Фан Добин развеселился и издал смешок.
— И этот нахал знает, с кем разговаривает?
— “Фобибайши” имеют громкую славу, как мне их не знать? — серьёзно ответил Фу Хэнъян. — Однако меня господа не знают.
Фан Добин рассмеялся, Бай Цзянчунь тоже хохотнул, Шишуй мрачно стоял в сторонке без тени улыбки на лице.
— Возродить орден “Сыгу” — проще сказать, чем сделать, — ровным голосом произнёс Цзи Ханьфо. — Многие наши соратники уже…
— А я уже подумал за почтенных господ, — перебил его Фу Хэнъян, — для возрождения ордена нужно лишь одно ваше слово.
Фан Добину уже понравился этот Фу Хэнъян, про себя он усмехнулся: во всей Поднебесной мало сыщется людей, которые дерзнут перебить Цзи Ханьфо — этот парень и правда тот ещё нахал!
Цзи Ханьфо не рассердился.
— Вот как? И что же это за слово?
Фу Хэнъян слегка распрямил шею и улыбнулся.
— Всего лишь “хорошо”.
— Хотелось бы услышать подробности, — спокойно сказал Цзи Ханьфо.
— Чтобы возродить орден “Сыгу”, во-первых, нужен глава ордена, а во вторых — некоторое количество последователей. На роль главы ордена я предлагаю героя Сяо Цзыцзиня, наверняка никто не будет против него, что же до последователей… Десять лет назад в “Сыгу” были вы, а сейчас — неужели почтенные господа не смогут привлечь молодую кровь, принять к себе нынешнюю молодёжь цзянху? — Он непринуждённо взмахнул рукавами, и большие ворота Павильона дикой зари со скрипом распахнулись. За ними, у могилы с одеждой Ли Сянъи горели огни. — Я и мои спутники готовы предложить свои планы по восстановлению ордена “Сыгу” и трудиться потом и кровью.
Бросив взгляд наружу, Фан Добин вдруг воскликнул:
— Я знаю, кто ты такой! Ты — “Юный безумец”, столь же известный, как “Божественная игла Жуянь” Гуань Хэмэн!
— Что вы, что вы! — расхохотался Фу Хэнъян. — Я никогда не стал бы путаться с Гуань Хэмэном.
Цзи Ханьфо бросил холодный взгляд на этого “Юного безумца”, чья слава в цзянху взлетела всего за несколько месяцев — его план возрождения ордена бесспорно можно было назвать “безумным”. Только сейчас в “Фобибайши” нет единства, Ди Фэйшэн и Цзяо Лицяо хорошо подготовлены, в цзянху сложная ситуация, если бы это было так просто… Он ещё размышлял, как неожиданно кто-то приподнял бамбуковую занавеску, мелькнула тень, и дрожащий голос произнёс:
— Хорошо!
Бай Цзянчунь с Шишуем были потрясены, Цзи Ханьфо ещё больше одеревенел.
— Госпожа Сяо!.. — ахнул Фан Добин.
Цяо Ваньмянь вышла из комнаты.

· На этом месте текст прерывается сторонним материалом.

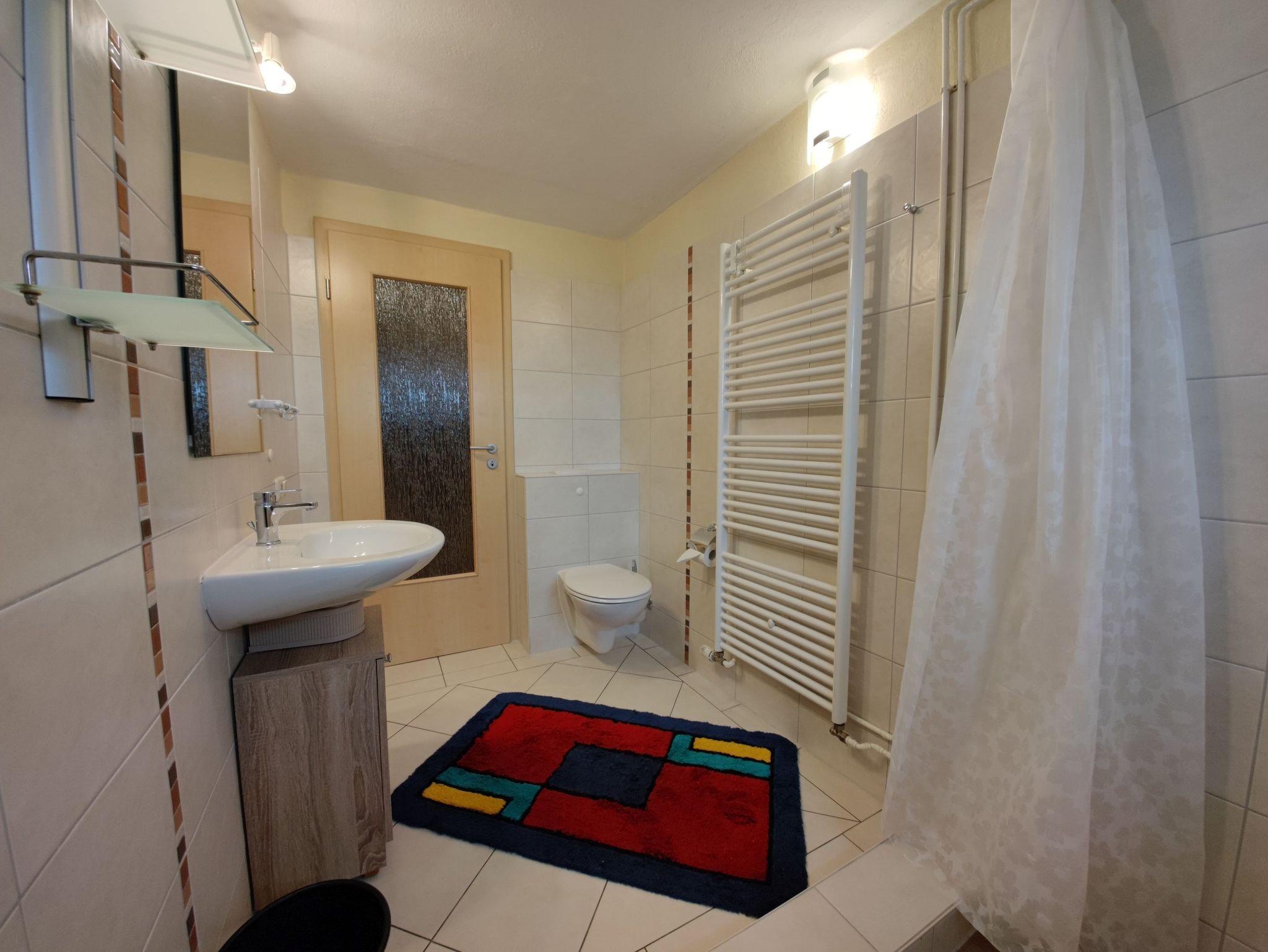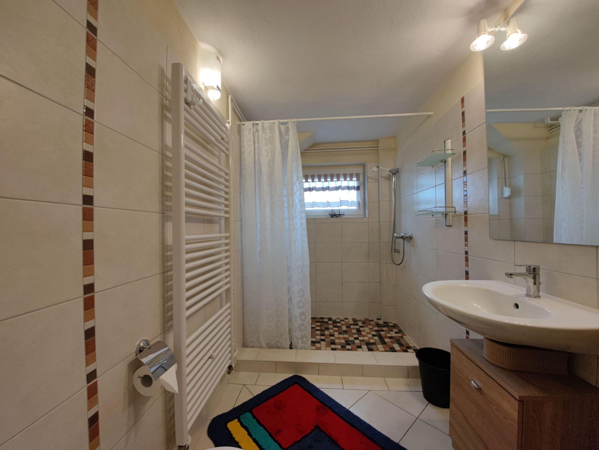 Das Badezimmer mit Dusche und WC sorgt dafür, dass Sie sich morgens erfrischt und bereit für den Tag fühlen können.
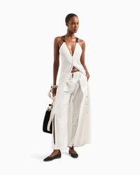 Relaxed-fit trousers in hemp jersey with a drawstring waist with draped, light volumes. The style has a full-length front panel to add movement and elegantly completes beach looks when teamed with cotton and linen shirts or blouses with a holiday attitude. Drawstring waist Full-length front panel Two side pockets Unlined Made in Italy Product Code: GW001196AF15968U0002

Фу Хэнъян звонко рассмеялся.
— Отлично! Господа, слова прочнее гор! С этого дня мы всемером посвятим себя ордену “Сыгу”, и если положим жизни ради свершения великих дел в цзянху, нисколько не пожалеем!
Фан Добин согласно ударил по столу и воскликнул:
— Отличный настрой! В возрождении ордена “Сыгу” и я приму участие!
Цзи Ханьфо нахмурился. С тяжело вздымающейся грудью, Цяо Ваньмянь медленно обвела светлым взором всех присутствующих, но в глазах её по какой-то причине плескалась печаль. Наконец, Бай Цзянчунь вздохнул.
— Что ж, и я, толстяк, приму участие в восстановлении “Сыгу”.
— А когда ты успел выйти? — мрачно спросил Шишуй.
Бай Цзянчунь делано хохотнул.
— Виноват, виноват, очевидно, что мы и так последователи ордена, и останемся ими даже в загробной жизни.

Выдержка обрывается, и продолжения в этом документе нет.